Items from a dataset:

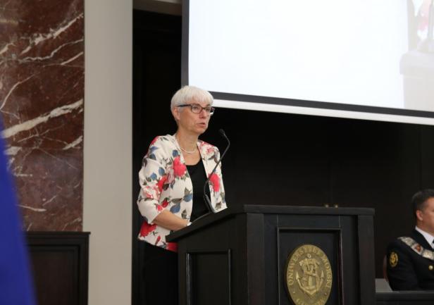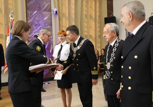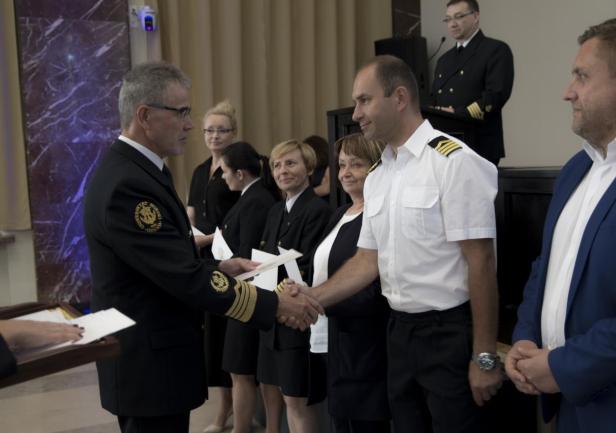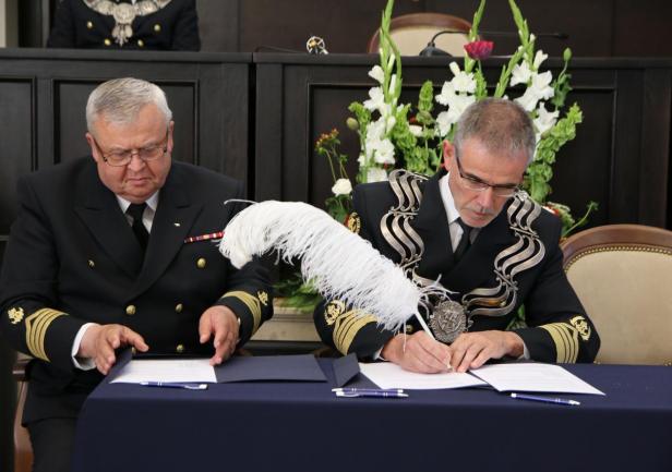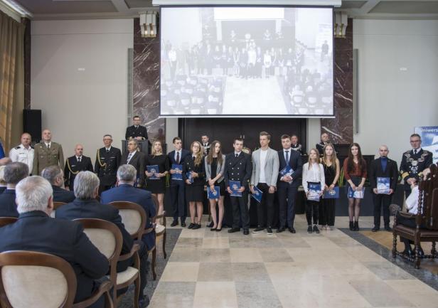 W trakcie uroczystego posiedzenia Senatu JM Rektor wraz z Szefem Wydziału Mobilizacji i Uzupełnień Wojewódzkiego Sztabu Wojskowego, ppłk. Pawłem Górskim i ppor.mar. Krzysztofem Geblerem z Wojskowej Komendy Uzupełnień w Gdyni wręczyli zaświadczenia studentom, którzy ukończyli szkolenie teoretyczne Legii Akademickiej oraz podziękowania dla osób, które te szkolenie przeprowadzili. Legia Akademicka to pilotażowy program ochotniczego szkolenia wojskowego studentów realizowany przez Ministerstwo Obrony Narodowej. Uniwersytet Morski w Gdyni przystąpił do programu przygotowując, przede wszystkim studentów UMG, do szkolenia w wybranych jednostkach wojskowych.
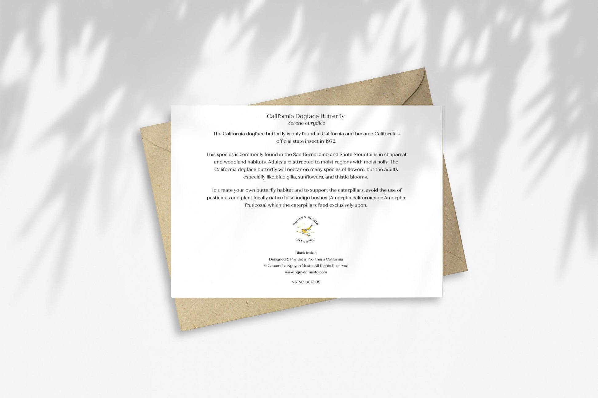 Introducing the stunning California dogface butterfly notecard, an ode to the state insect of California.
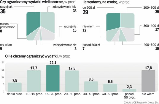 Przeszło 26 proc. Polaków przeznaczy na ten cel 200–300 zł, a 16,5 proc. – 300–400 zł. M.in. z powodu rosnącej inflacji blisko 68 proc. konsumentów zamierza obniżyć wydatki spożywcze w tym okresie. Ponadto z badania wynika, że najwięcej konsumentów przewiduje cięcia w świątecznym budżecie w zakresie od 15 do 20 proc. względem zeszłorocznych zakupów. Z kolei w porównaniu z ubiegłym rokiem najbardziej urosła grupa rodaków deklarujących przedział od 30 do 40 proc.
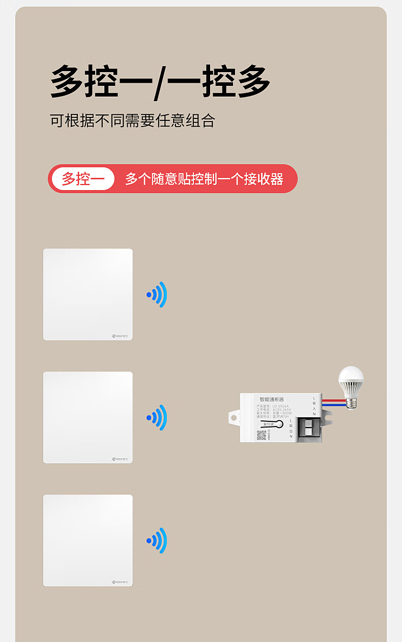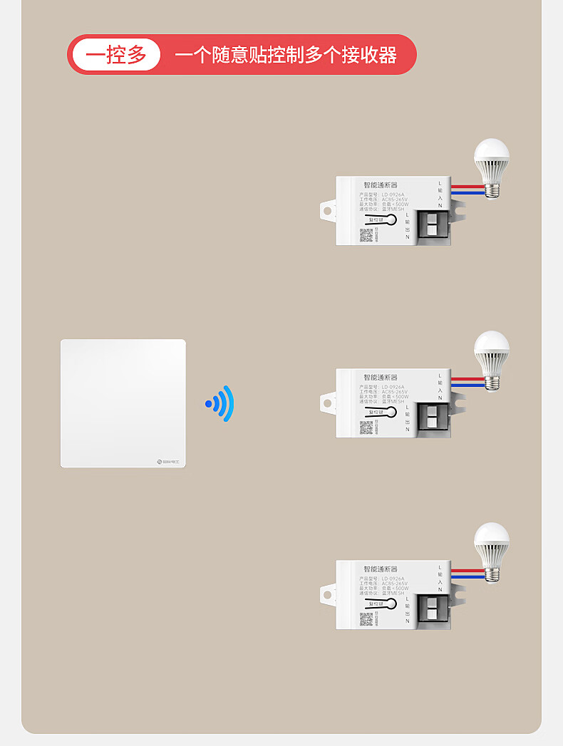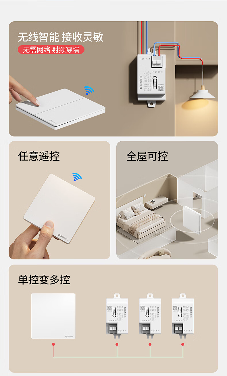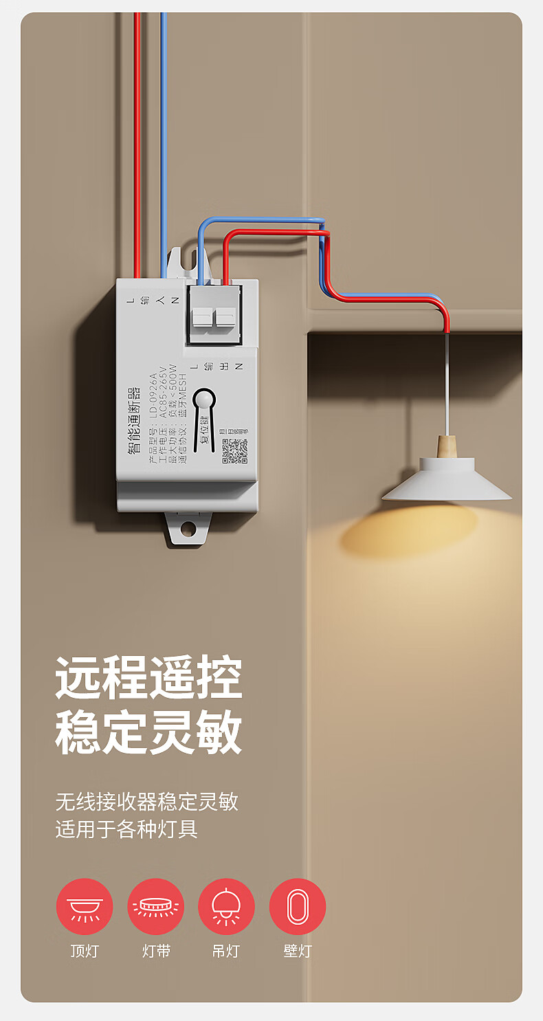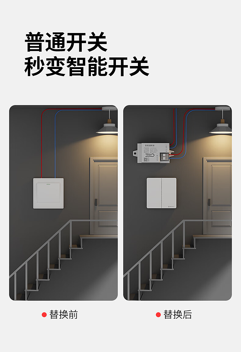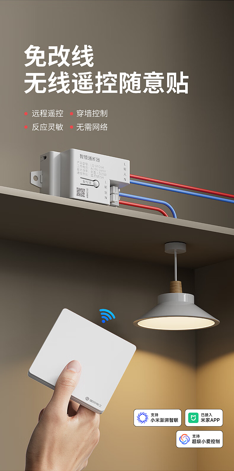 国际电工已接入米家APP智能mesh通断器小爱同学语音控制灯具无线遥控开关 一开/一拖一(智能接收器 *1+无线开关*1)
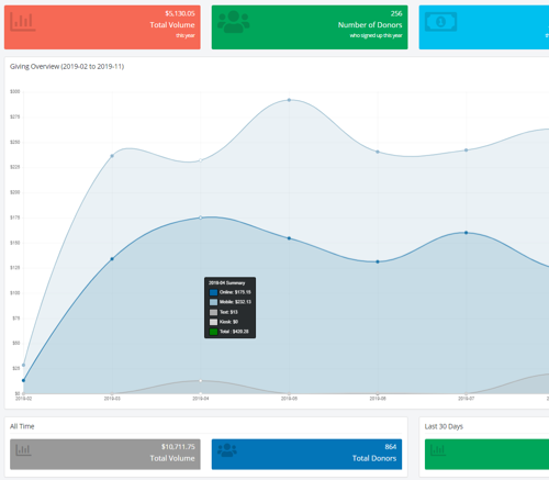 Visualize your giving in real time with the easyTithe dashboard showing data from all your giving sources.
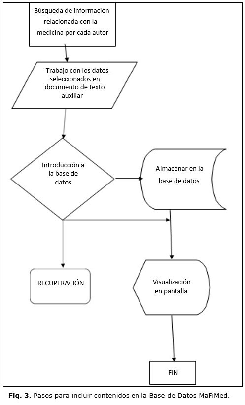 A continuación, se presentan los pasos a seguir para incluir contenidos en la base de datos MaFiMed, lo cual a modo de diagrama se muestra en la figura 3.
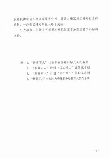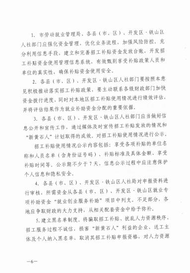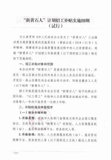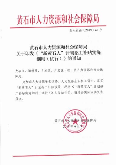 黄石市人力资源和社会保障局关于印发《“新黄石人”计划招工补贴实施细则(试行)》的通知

WORK INSTRUCTION:
Output the records above exactly as they are, leaving out the pictures.

WRITTEN SOLUTION:
 W trakcie uroczystego posiedzenia Senatu JM Rektor wraz z Szefem Wydziału Mobilizacji i Uzupełnień Wojewódzkiego Sztabu Wojskowego, ppłk. Pawłem Górskim i ppor.mar. Krzysztofem Geblerem z Wojskowej Komendy Uzupełnień w Gdyni wręczyli zaświadczenia studentom, którzy ukończyli szkolenie teoretyczne Legii Akademickiej oraz podziękowania dla osób, które te szkolenie przeprowadzili. Legia Akademicka to pilotażowy program ochotniczego szkolenia wojskowego studentów realizowany przez Ministerstwo Obrony Narodowej. Uniwersytet Morski w Gdyni przystąpił do programu przygotowując, przede wszystkim studentów UMG, do szkolenia w wybranych jednostkach wojskowych.
 Introducing the stunning California dogface butterfly notecard, an ode to the state insect of California.
 Przeszło 26 proc. Polaków przeznaczy na ten cel 200–300 zł, a 16,5 proc. – 300–400 zł. M.in. z powodu rosnącej inflacji blisko 68 proc. konsumentów zamierza obniżyć wydatki spożywcze w tym okresie. Ponadto z badania wynika, że najwięcej konsumentów przewiduje cięcia w świątecznym budżecie w zakresie od 15 do 20 proc. względem zeszłorocznych zakupów. Z kolei w porównaniu z ubiegłym rokiem najbardziej urosła grupa rodaków deklarujących przedział od 30 do 40 proc.
 国际电工已接入米家APP智能mesh通断器小爱同学语音控制灯具无线遥控开关 一开/一拖一(智能接收器 *1+无线开关*1)
 Visualize your giving in real time with the easyTithe dashboard showing data from all your giving sources.
 A continuación, se presentan los pasos a seguir para incluir contenidos en la base de datos MaFiMed, lo cual a modo de diagrama se muestra en la figura 3.
 黄石市人力资源和社会保障局关于印发《“新黄石人”计划招工补贴实施细则(试行)》的通知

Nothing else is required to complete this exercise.